If a wise President has doubts about certain people with power he keeps them under control by his own dominant influence in his own surrounding. Keep them busy by standing supreme and make them compliant by friendly decisive corrections to conclude discussions about the policies. The Brzezinski-figure in March 2009 81 years old, is almost dead and not as important and connected as the Clintons. Ideas about a total helpless, trainee President Obama, without any shadow of a personal vision or influence, who takes immediately the matching colour of his changing backgrounds over, even from opponents and is therefore already preparing to destroy Europe by a full-scale nuclear war, or any other idiocy, because some ugly one in his rear-sight thinks that this is a good idea… no, that idea about Obama is not very believable.

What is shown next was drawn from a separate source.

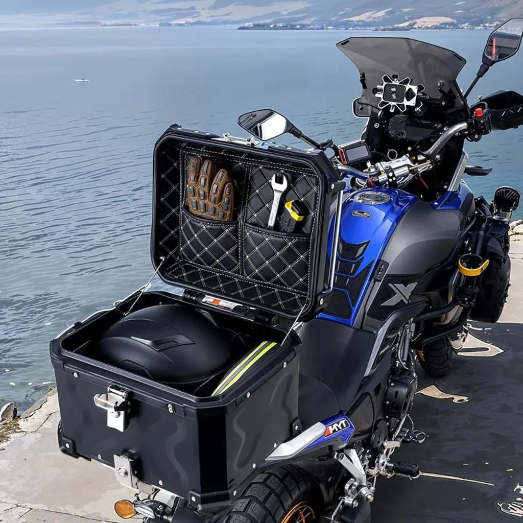 Feature: Heavy-Duty Premium Case: Our motorcycle storage box is built tough, made from 1.2 mm thick aluminum alloy that is wear & drop-resistant. Each corner is reinforced with bumpers, making it a suitable companion for your travels. Inside the box, the removable leather padding offers cushioning to guard your belongings, even under heavy impact. 45L Large Capacity: With a spacious 45L capacity, this motorcycle trunk features two small inner pockets, suitable for storing a large helmet, water bottle, umbrella, gloves, raincoat, daily shopping bags, or a small backpack. The included sturdy stainless steel security lock keeps your items secure from theft. Have a try on our large motorcycle trunk! Weatherproof & Durable: The sealed motorcycle trunk is designed to withstand various weather conditions, providing premium waterproof and dustproof guard. Whether you're caught in heavy rain or dusty weather, your items will stay dry and secure inside. This trunk is built to endure harsh environment, keeping your belongings guarded throughout your journey. Versatil & Compatible: The bottom of the trunk features a base with 25 mounting holes, making it compatible with a wide range of motorcycles, including Harley, Yamaha, Touring models, and standard motorcycles. Simply align the base with your tail rack for easy installation—no drilling required. Say goodbye to hard installation! Comfort & Secure: The thick, comfortable back cushion provides lumbar support for you or your passenger, offering a safer and more secure ride during acceleration. Additionally, two types of reflective stickers are included to enhance visibility, adding a stylish touch while improving safety when navigating intersections or making turns. Package Content: 1 x Installation tool kit 2 x Reflective Sticer 2 x Keys 1 x Mounting Bracket Base Plate (already installed on the box) 1 x Upper Backrest Base 1 x Lower Backrest Base 2 x Cleaning Cotton 1 x User manual

I know intensely proved high talented people and how consistent they can be to reach their goals in life, with patience and some slight dirty tricks or forcing tactics reaching what is planned. That’s life. You have to compete to be the best with the highest ambitions and there is nothing wrong with that.
That’s how a President has to behave.
I have to remind the message writer the factual circumstances that the President elect is not the current President, but he is elected to become President on the 20th of January and he has not done anything. So, you are addicted to accuse the POTUS of all evil, a nice habit so far concerning the war-criminal Bush43, but it has to stop now. You have to kick that habit with Barack Obama, even if he has not had any chance to do something evil as effective POTUS.
We may expect that he will change something, but of course he will be inaugurated like any president before him. That’s exactly the same procedure. He will live with his family in the White House too, just like former presidents. Yes, that's all the same.
It happens to be that I share a lot of Obama’s rare habit to behave exceptional normal. I fully understand that.
Such a kind of people want to realize substantial gains, each prioritized in a well-known comprehensive program, with a large variety of tactics and tools, both hidden tools and public tools. So he writes the marching orders and the rules of conduct. His servants (like Hilary Clinton) are due to obedience. He can command the Secretary of State and the Secretary of Defense as well as any other member of his staff and Cabinet, but he can not command a Senator or Representative in the House. And this one is an extremely strong leader, full aware of his personal power, reaching higher than any president in my lifetime.
It is an honour for his Cabinet members and advisors to sit at his feet and they know that.
The harsh character of such a strong leader will not show up in public and they will adore that.
It is his job to be decisive.

They (the new President elect and Zbigniew Kazimierz Brzezinski) are even more aggressive than the ones of Bush43 ??? That’s total nonsense.